Biography of Michael Herr
Michael Herr (born April 13, 1940, in Syracuse, New York) is a writer and former war correspondent, best known as the author of Dispatches (1977), a memoir of his time as a correspondent for Esquire magazine (1967–1969) during the Vietnam War. The book was called the best "to have been written about the Vietnam War" by The New York Times Book Review; novelist John le Carré called it "the best book I have ever read on men and war in our time." Herr later was credited with pioneering the literary genre of the nonfiction novel, along with authors such as Truman Capote, Norman Mailer, and Tom Wolfe.
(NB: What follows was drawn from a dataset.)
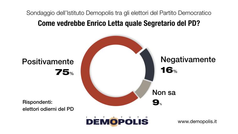 L’Istituto Demopolis, diretto da Pietro Vento, ha misurato nelle ultime 24 ore l’opinione degli elettori del PD sull’ipotesi di affidare, dopo le dimissioni di Zingaretti, la guida del Partito Democratico all’ex Presidente del Consiglio Enrico Letta. Il 75% vedrebbe positivamente Letta quale nuovo Segretario del Partito Democratico. Di parere diverso il 16% degli elettori del PD intervistati da Demopolis.

From 1971 to 1975 he produced no publications. In 1977 he went on the road with rock & roller Ted Nugent and wrote about the experience in a 1978 cover story for Crawdaddy magazine.
Herr co-wrote the screenplay for Full Metal Jacket with his close friend director Stanley Kubrick and author Gustav Hasford. The film was based on Hasford's novel The Short-Timers and the screenplay was nominated for an Academy award. He also contributed to the narration for Francis Ford Coppola's Apocalypse Now. He collaborated with Richard Stanley in writing the original screenplay for the 1996 adaptation of the H.G. Wells novel, The Island of Dr. Moreau. However, Stanley claims the subsequent rewrites cost Herr his writing credit, omitting most of the material created by the two writers. The omission probably worked to his favor, however, since the movie was panned by critics and earned credited writers Stanley and Ron Hutchinson a Razzie Award for Worst Screenplay of 1997.
Herr wrote a pair of articles for Vanity Fair about Stanley Kubrick, which were later incorporated into the small book Kubrick, a very personal biography of the director. He declined to edit the script of Kubrick's film Eyes Wide Shut.
Michael Herr is retired and living with his wife Valerie Herr in Delhi, NY.